# Meow from China!



## Pinkerbelle (Jan 21, 2008)

Hi all,

I've actually been on the site for a little while, but I've been getting really into it lately so I decided I'd better introduce myself a little better! 

I was born and raised in Los Angeles and have always had cats in my life. I studied International Business in college and decided to move here to China after graduation to get some IB experience (I've been here roundabout 7 months now). So I said "goodbye" to my 3 kitties at home, Princess Grace Kelly (Gracie), Cody and Runaway (I miss them); they live with my mom aka Grandma to the kitties -- she hates when I say that, haha, and here I am!

I live and teach English about an hour away from Shanghai and my town is fairly small and not at all educated on the proper way to treat pets! I got Sebastian when he was just a few weeks old (he's a few months now) and most of my posts have involved finding alternate solutions for cat-things I can't find here or suggestions on how to best raise a kitty in this environment  I never expected to get a cat here, but I'm just in love with him and now I want to take him home with me, whenever that may be! 

Anyways, like I've said, I've really been enjoying reading all the posts in the forums. So now you know a little about me and I hope to get to know you all a little better as well! 

Cheers!


----------



## MaxZmom (Feb 21, 2007)

Hello and Welcome to the forum!


----------



## marie73 (Jul 12, 2006)

Welcome!


----------



## DesnBaby (Apr 18, 2004)




----------



## Pinkerbelle (Jan 21, 2008)

Yes! And so is yours! What a coincidence.  

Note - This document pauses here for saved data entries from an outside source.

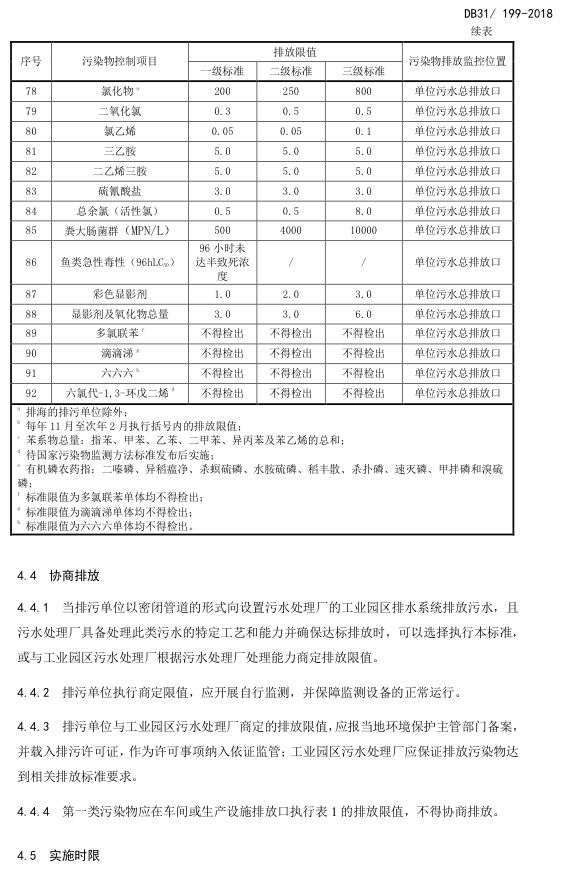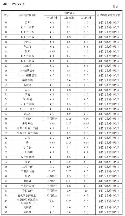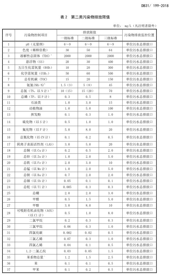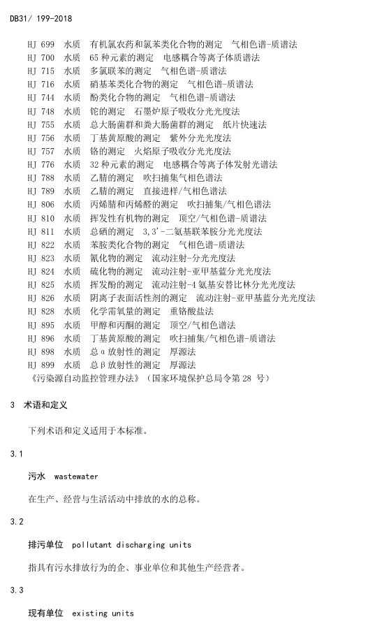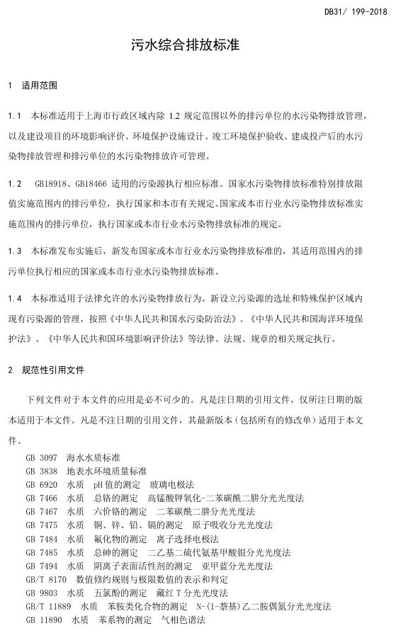 標(biāo)準(zhǔn)編號(hào)及名稱為:污水綜合排放標(biāo)準(zhǔn):DB31/199-2018,該標(biāo)準(zhǔn)自2018年12月1日起實(shí)施。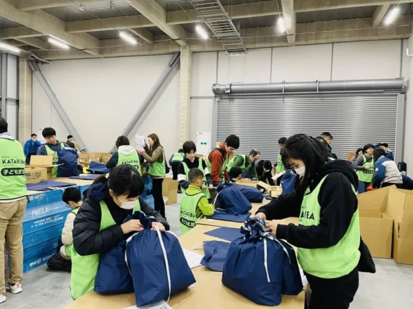 例えば、輪島市の中学生は白山市(はくさんし)に一斉集団避難して、授業を継続しました。しかし家があるエリアは雪が積もらないという子も多く、長靴を持っていなかったり、衣類や勉強道具を家から取り出せなかったりして、真冬なのに半袖を着ている子も目に付きました。そこで、輪島市、珠洲市、穴水町、能登町の小・中・高の生徒約1,500人一人ひとりに洋服と靴のサイズをヒアリングして、それぞれに合った衣類や学用品などをセットして届けました。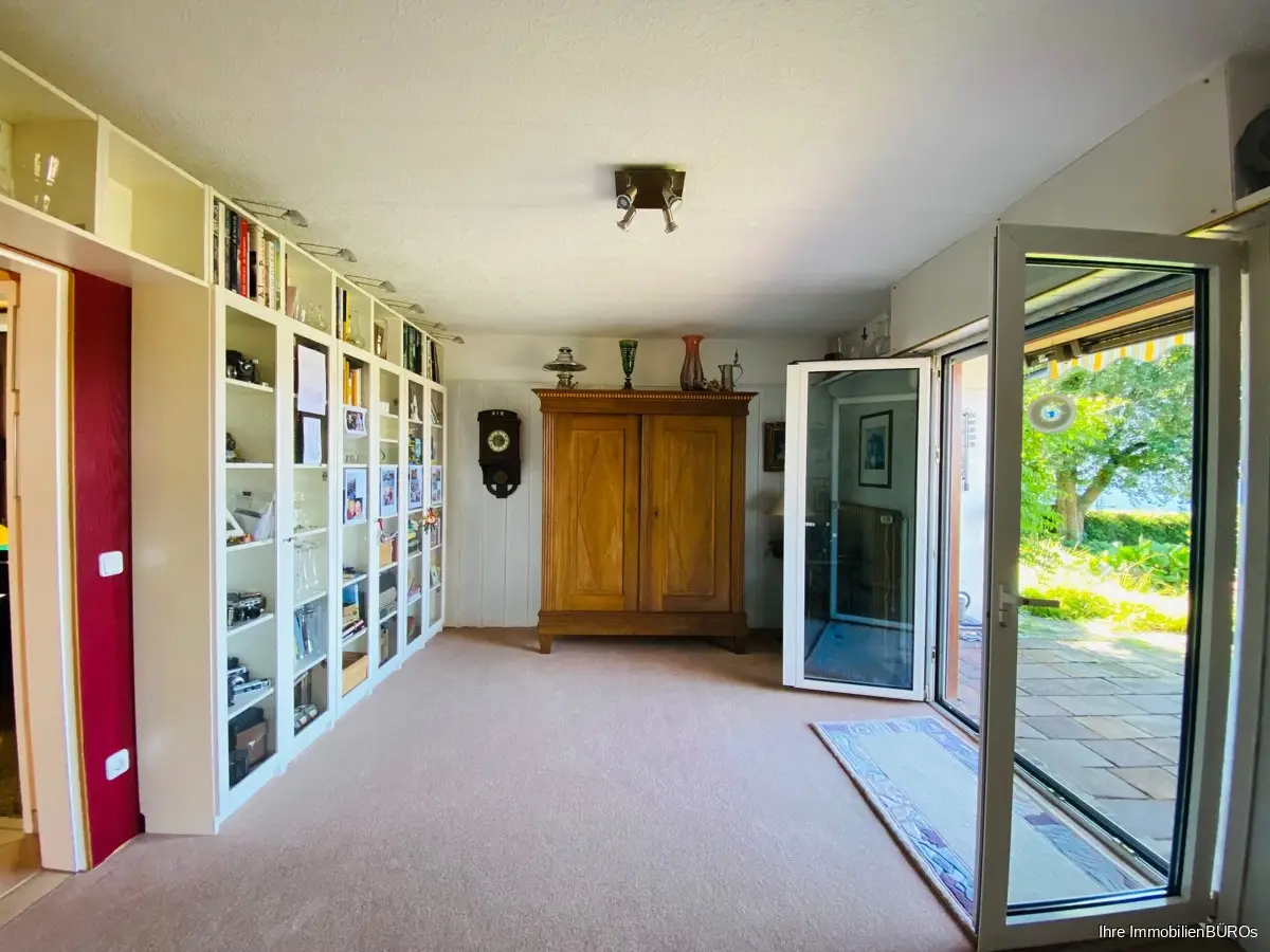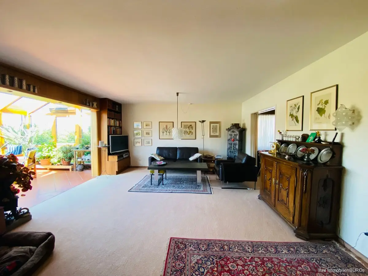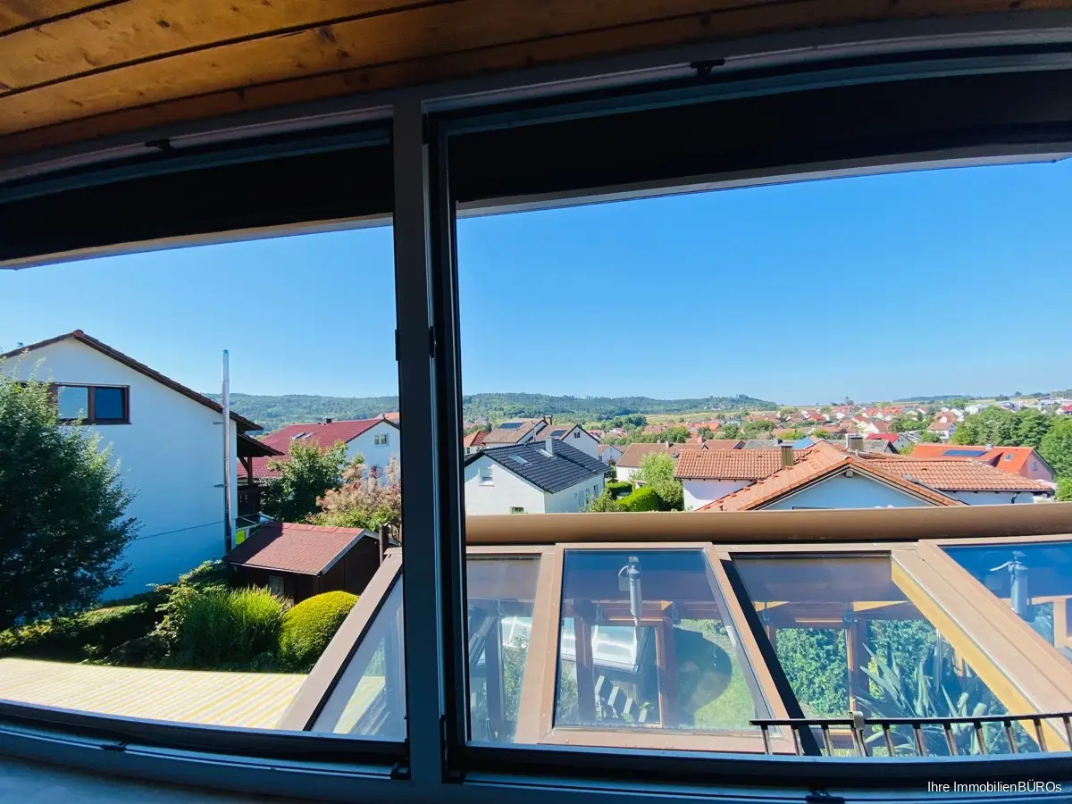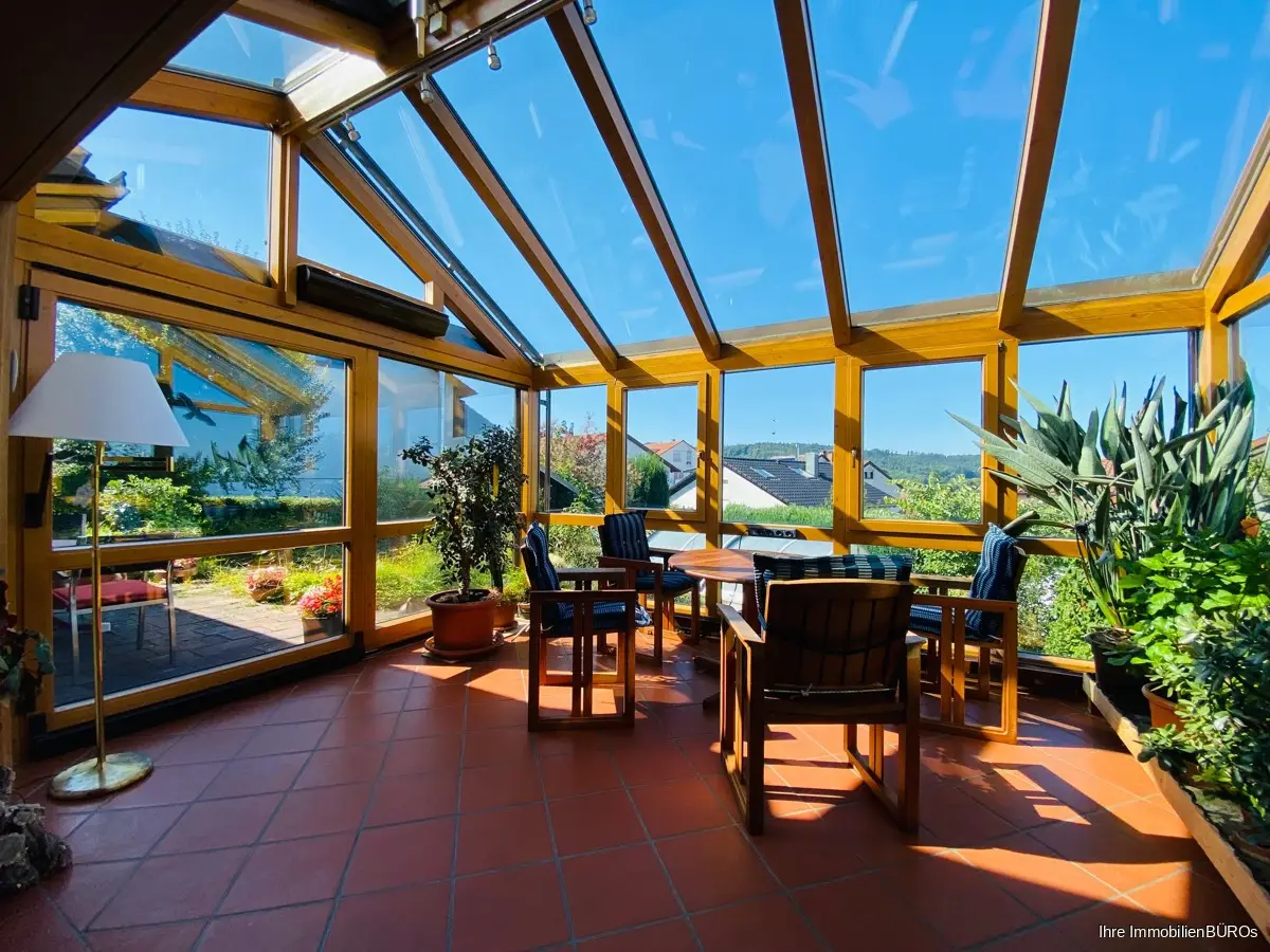 Durch die Fenster des Wintergartens haben Sie einen traumhaften Blick über die Häuser in die Natur.
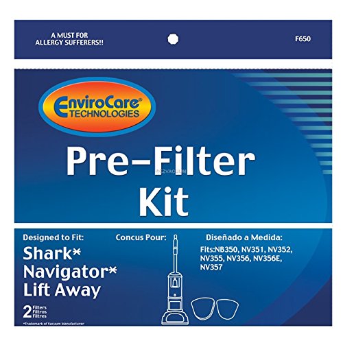 -. Feature : Washable Foam and Felt Pre-Filter Replacement Kits / Fits the following Shark Navigator Lift-Away Models: NV350, NV351, NV352, NV355, NV356, NV356E, NV357 / Designed & Engineered By Envirocare Technologies #F650 / Absolutely Essential for Allergy Sufferers! Traps 99.97 of airborne particles / Replaces: Shark Euro-Pro Part Number XFF350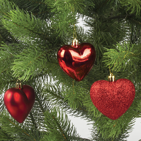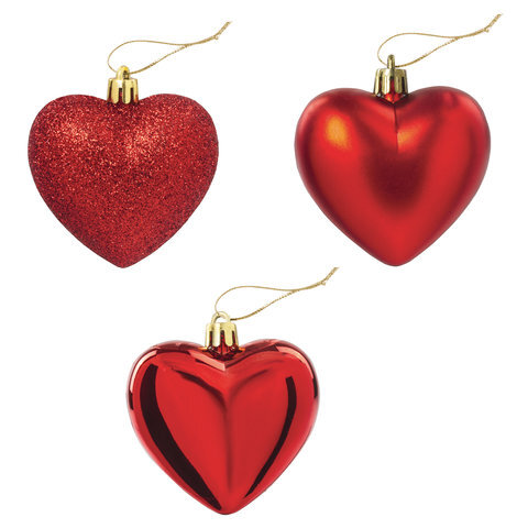 Украшение ёлочное "Сердца" 3 шт., 7 см, пластик, красные, ЗОЛОТАЯ СКАЗКА, 590900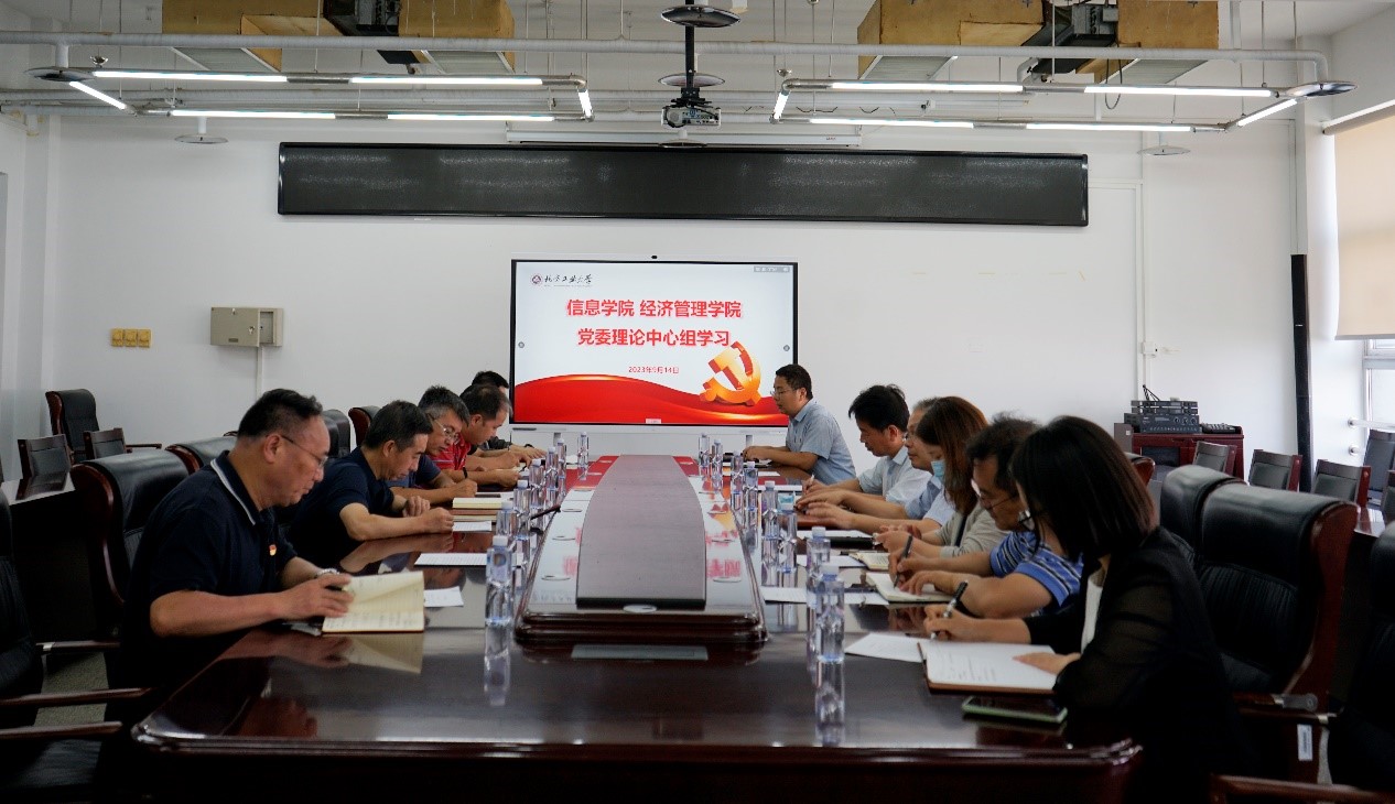 9月14日下午,必赢线路检测3003no1和经济管理学院在瀚学楼1014会议室联合开展党委理论中心组专题学习活动。两个学院理论学习中心组全体成员共计十余人参加此次学习活动。

Thanks for all the "welcomes" :wink:


----------



## dmcwlvssr (Apr 24, 2005)

Welcome! I am donna owned proudly by the Incredible Four and the big girl Freesia


----------



## Penny1 (Feb 13, 2008)

Hi and welcome! I'm still pretty new here myself! Your cats sound so great, and your newest addition is so cute! :!:


----------



## Mitts & Tess (Sep 4, 2004)

Welcome Robin and Penny1! Isnt it amazing how these kitties find us no matter where we are in the world! Glad you are here on cat forum.


----------



## Pinkerbelle (Jan 21, 2008)

Thanks for all of the warm welcomes!


----------